Hierna treft U een korte beschrijving van deze belasting aan, maar kortweg gezegd komt het hierop neer, dat men in ons land vrijwel gedurende de gehele 19de eeuw, van 1805-1893, om een bepaald beroep, nering, ambacht of bedrijf, waaronder ook de binnenvaart, te mogen uitoefenen of handel te drijven, in het bezit diende te zijn van een patent, dat jaarlijks door de plaatselijke overheid op aangifte van de patent- plichtige werd verstrekt. Daarvoor moest dan - uiteraard ook jaarlijks - een patentrecht worden betaald. Dat patentrecht werd in navolging van Frankrijk ingevoerd in 1805, nadat als uitvloeisel van de Franse revolutie in ons land in 1795 de Bataafse Republiek was opgericht.
In "Bruggeske" 1997-1, blz. 63 e.v., schreef ik een verhandeling over de "Actens van Admissie" (vergunningen), die op grond van de Ordonnantiën van de "Staaten van Holland en Westvriesland" vereist waren voor de verkoop van brandewijn en andere waren ten plattelande. Min of meer zou men die "Actens van Admissie" kunnen beschouwen als voorlopers van de patenten op grond van de Ordonnantie op het Patentrecht van 1805. In dat jaar kwam er dan ook een einde aan de "Actens van Admissie". Zoals gezegd kwam het Patentrecht uit Frankrijk overwaaien.
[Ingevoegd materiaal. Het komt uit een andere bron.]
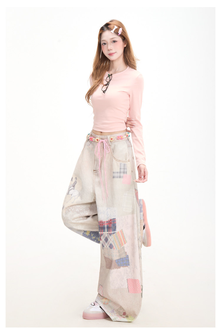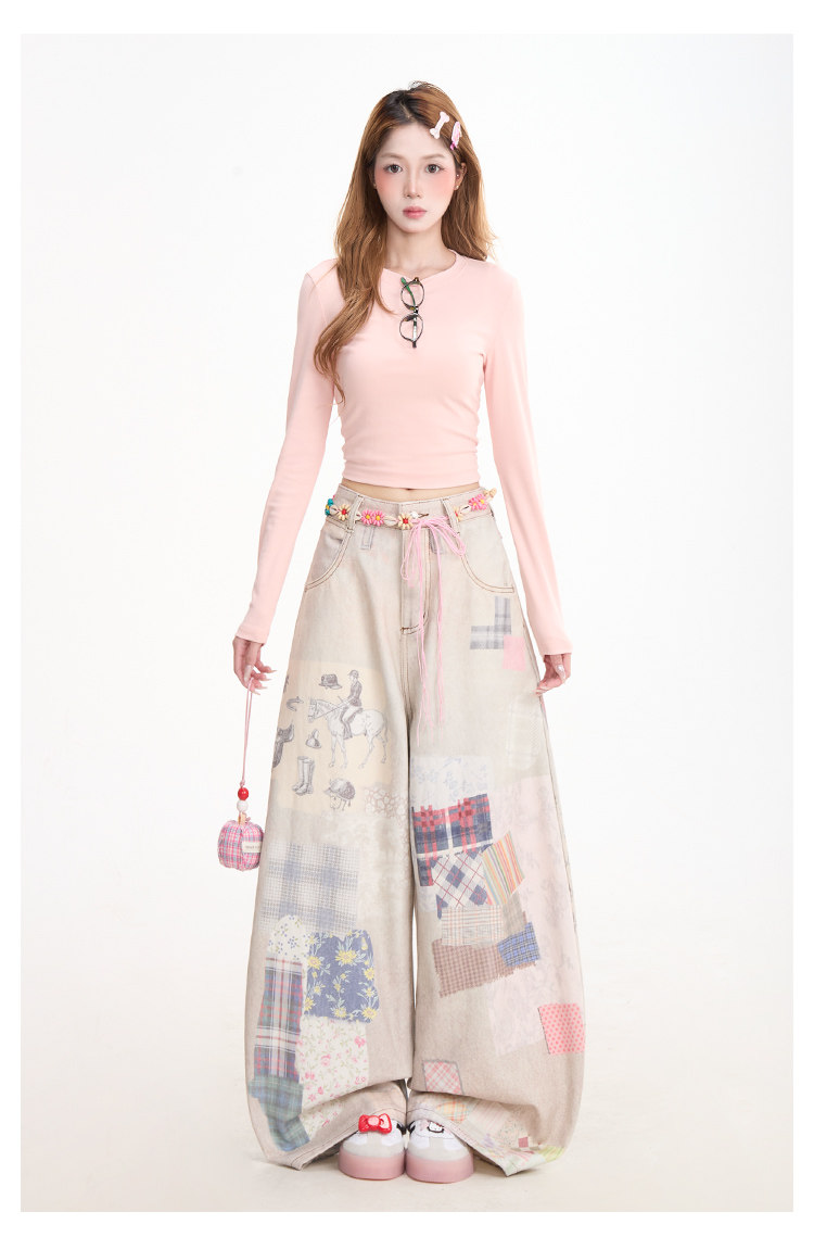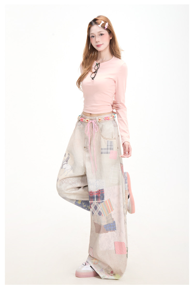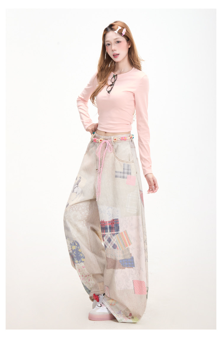 Retro patchwork print denim jeans for women, subculture style, curved wide-leg pants, street casual pants

Naast fiscale overwegingen noopte de behoefte aan registratie van de economische activiteiten, waarin tot dusver via de Gilden inzicht werd verkregen, maar dat door de afschaffing van het Gilde stelsel in 1798 was weggevallen, mede tot invoering van de Patentbelasting .
Hoewel liggende buiten het bestek van het eigenlijke onderwerp van ons artikel is het tot goed begrip daarom niet van belang ontbloot even stil te staan bij de belangrijke rol, die de Gilden vanaf + 1100 in de economie van het Frankische Rijk, bij de Angelsaksen, in het Duitse Rijk, en in Scandinavië, maar in het bijzonder ook in de Zuidelijke en Noordelijke Nederlanden hebben gespeeld.
De Gilden
Daarbij onderscheiden we de koopmansgilden en de handwerkersgilden.
De koopmansgilden richtten zich in het handelsverkeer voornamelijk op de jaarmarktenhandel. Zij pleegden overleg om bij vraag en aanbod gesloten op te treden. Daarnaast waren er de middeleeuwse verenigingen van kooplieden, die in het Noord- en Oostzeegebied de handel op verre afstand bedreven. Bekend zijn de Hanzesteden, waarin de koopmansgilden elkaar tegen afkoop vrijstelling van de heffing van een recht, de "hansa" genaamd, gaven, en elkaar verlof gaven in hun gebied handel te drijven. De koopmansgil- den kregen geleidelijk een politieke en bestuurlijke betekenis. Vanaf de 11de eeuw was het ontstaan van stedelijke autonomie hun werk en hadden zij grote invloed in het stadsbestuur. Het overzicht van de jaarmarktenhandel en daarmede van de koopmansgilden ebde in de loop van de tijd weg door de kwantitatieve ontwikkeling van het handelsverkeer, waardoor hun economische betekenis verloren ging. Maar ook omdat de hand- werkersgilden de zgn. "patriciërs" van de koopmansgilden niet langer verdroegen.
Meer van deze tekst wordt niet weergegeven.